She married late in life (=when she was fairly old).
He's a life member (=continuing until he dies) of the club.

state of being alive

[uncountable and countable] the state of being alive:
The right to life is the most basic of human rights.
The riots presented a considerable risk to life and property.
Danny was a cheerful little boy who loved life.
A seatbelt could save your life.
Two firefighters risked their lives to save the children.
Thousands lost their lives (=died) in the earthquake.
an explosion which claimed the lives of (=killed) at least 170 miners
He has risked life and limb (=has done very dangerous things) to photograph some of the world's most dangerous animals.
Cuts to the ambulance service could cost lives (=people could die).
Misuse of the equipment could endanger the lives of staff and students.
He owes his life to (=he is still alive because of) the prompt action of a neighbour.
take your (own) life (=deliberately kill yourself)
There's no evidence that she intended to take her own life.
take somebody's life (=kill someone)
No-one has the right to take another's life.
be fighting for your life (=be so ill or injured that you might die)
A resident was fighting for his life yesterday, having escaped the blaze.
give your life/lay down your life (=die in order to save other people or because of a strong belief)
He gave his life for the cause of freedom
take your life in your (own) hands (=put yourself in a very dangerous situation)
You take your life in your hands every time you cross this road.

way somebody lives

[countable usually singular] the way you live your life, and what you do and experience during it
lead/live/have a ..... life
The operation should enable Bobby to lead a normal life.
She just wanted to live a quiet life.
Having a baby changes your life completely.
The family moved to Australia to start a new life.
Ken's whole life revolved around surfing (=that was the main interest and purpose of his life).
You shouldn't let your boyfriend rule your life (=control and affect everything you do).
My grandmother had a hard life (=a life full of problems).
She's led a very sheltered life (=a life in which you have been protected from unpleasant things).
a life of crime/poverty/misery etc
He had been drawn into a life of crime.

particular situation/job

[uncountable and countable]
a) the experiences, activities, and ways of living that are typical of being in a particular job, situation, society etc:
Why do so few women enter political life?
the British way of life
city/country/village etc life
Noise has become one of the main pollutants of modern city life.
army/student/college etc life
He missed the routine of army life.
Are you enjoying married life?
b) the time in your life when you are doing a particular job, are in a particular situation etc
somebody's life as something
Now a celebrity chef, he rarely talks about his life as an army cook.
Sara admits to having affairs throughout her married life.
Most of his working life was spent in the shipyards.
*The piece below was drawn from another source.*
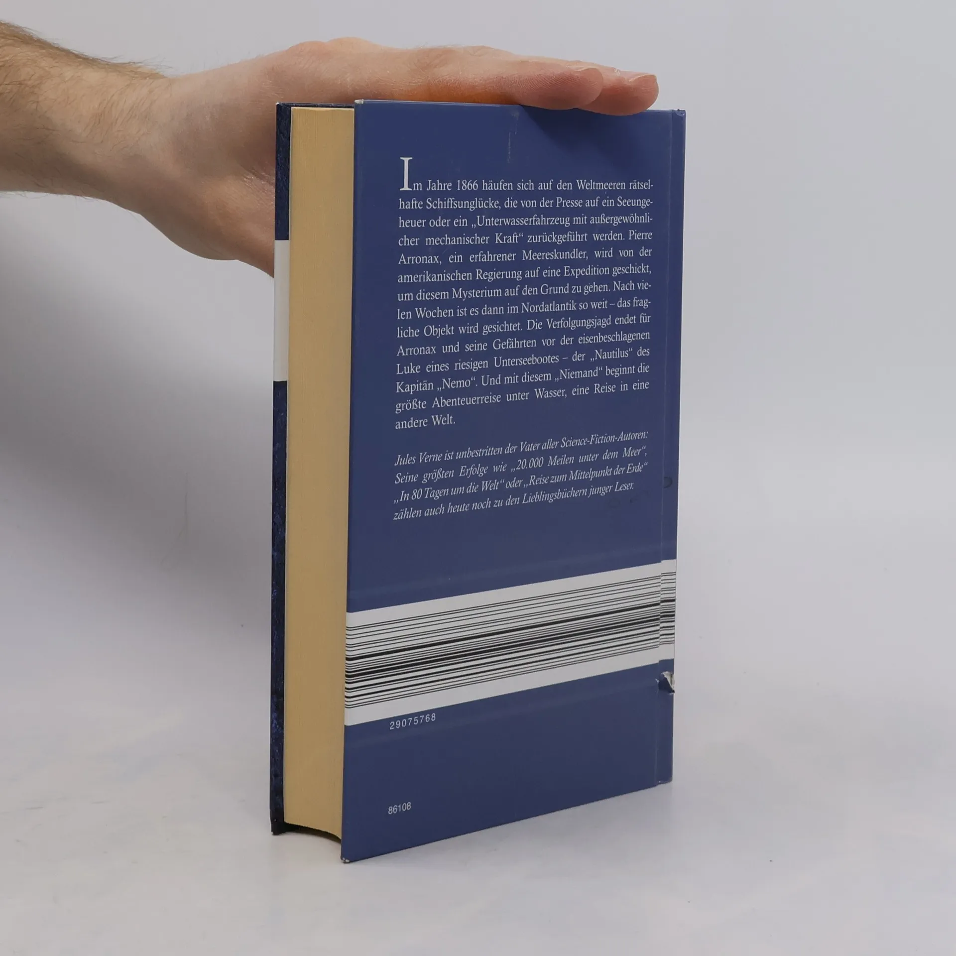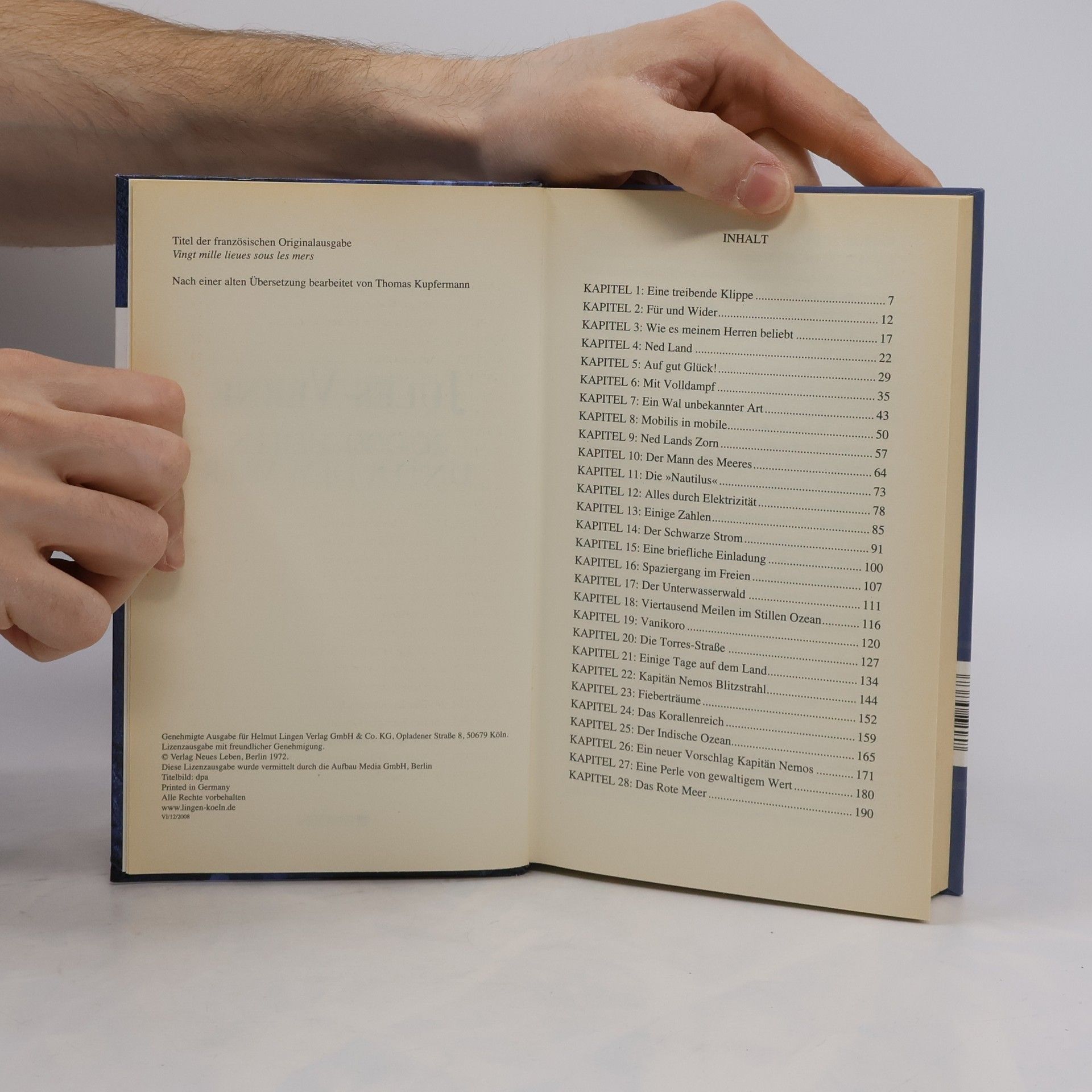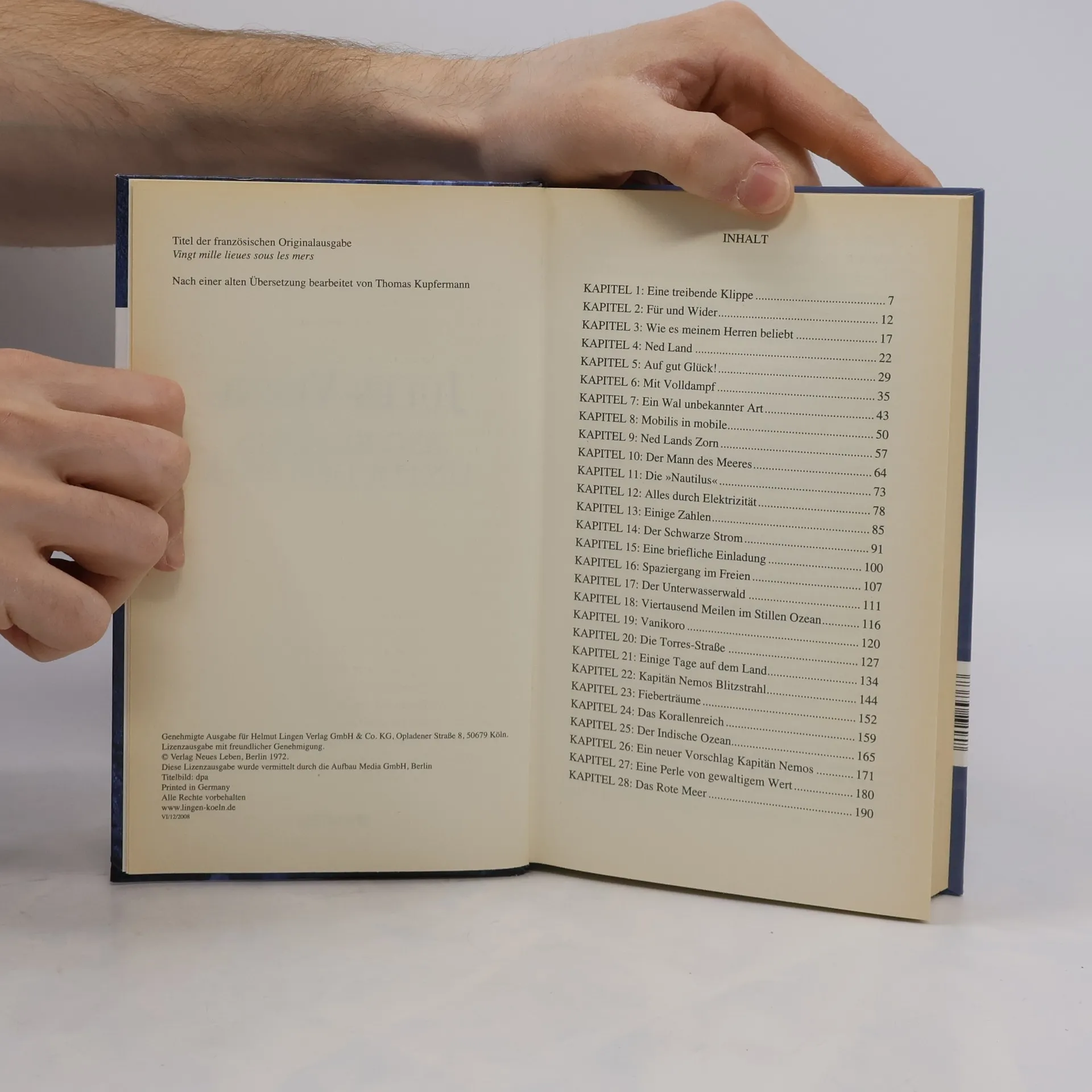Zu den immer wieder zitierten Meisterwerken von Jules Verne gehört der große Roman über das Riesen-U-Boot Nautilus und die Geschichte von Kapitän Nemo, dem grausamen und geheimnisvollen Rächer, der darin mit einer kleinen Schar Getreuer die Weltmeere befährt. Jules Verne hatte gerade auf einem Kabelleger den Atlantik überquert, als er dieses Buch schrieb. Beispielhaft mischt er darin eine spannende Romanhandlung, wissenswerte Informationen über Ozeanographie, Meeresfauna und -flora mit phantastischen Abenteuern wie dem Kampf mit Riesenkraken, dem Unterqueren der Meerenge von Sues oder der Entdeckung des untergegangenen Atlantis. Hinzu kommt die geniale technische Vision hinsichtlich des Funktionierens eines Unterwasserschiffes, das zudem ungeheuer luxuriös ausgestattet ist. Und schließlich die Schicksalsgeschichte von Kapitän Nemo selbst, eines Menschen rätselhafter Herkunft, eines gebildeten und kultivierten Wissenschaftlers und Ingenieurs, der gleichwohl am Schluß den Untergang eines Kriegsschiffes, das die Nautilus absichtlich gerammt hatte, mit Genuß von seinem Salonfenster aus beobachtet.
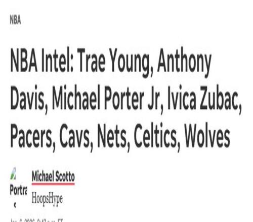 北京时间1月7日,距离交易截止日仅剩一个月,知名美媒HoopsHype汇总了特雷-杨、安东尼-戴维斯、小迈克尔-波特、伊维察-祖巴茨等球星,以及步行者、骑士、篮网、凯尔特人、森林狼、奇才、鹈鹕等球队的最新交易情报。

social/personal/sex etc life

the activities in your life relating to your friends, your family, sex etc:
I don't need advice about my love life.
traditional views of family life
Children need a caring and happy home life.

human existence

[uncountable] human existence, considered as a variety of experiences and activities:
My Aunt Julia had very little experience of life.
Life has a way of changing the best of plans.
For some people, religion gives life a meaning.
daily/everyday life
the frustrations and disappointments of everyday life
I try to see the funny side of life.

time when something exists/works

[countable usually singular]
a) the period of time during which something happens or exists
life of
The issues will not be resolved during the life of the present parliament.
start/begin/come to life as something
The building began life as a monastery.
b) the period of time during which something is still good enough to use
life of
What's the average life of a passenger aircraft?
Careful use can extend the life of your washing machine.
shelf life

living things

a) the quality of being alive that people, animals, plants etc have and that objects and dead things do not have:
Ben felt her neck for a pulse or any other sign of life.
In the springtime, everything comes to life again.
b) living things, such as people, animals, or plants:
Is there life on other planets?
human/animal/plant/bird etc life
The island is rich in bird life.

be somebody's (whole) life

to be the most important thing or person to someone:
Music is Laura's whole life.

life and death

also life or death used for emphasizing that a situation, decision etc is extremely urgent and important, especially because someone is at risk of dying:
Don't call me unless it's a matter of life and death.
a life or death decision
A doctor's job involves life and death situations.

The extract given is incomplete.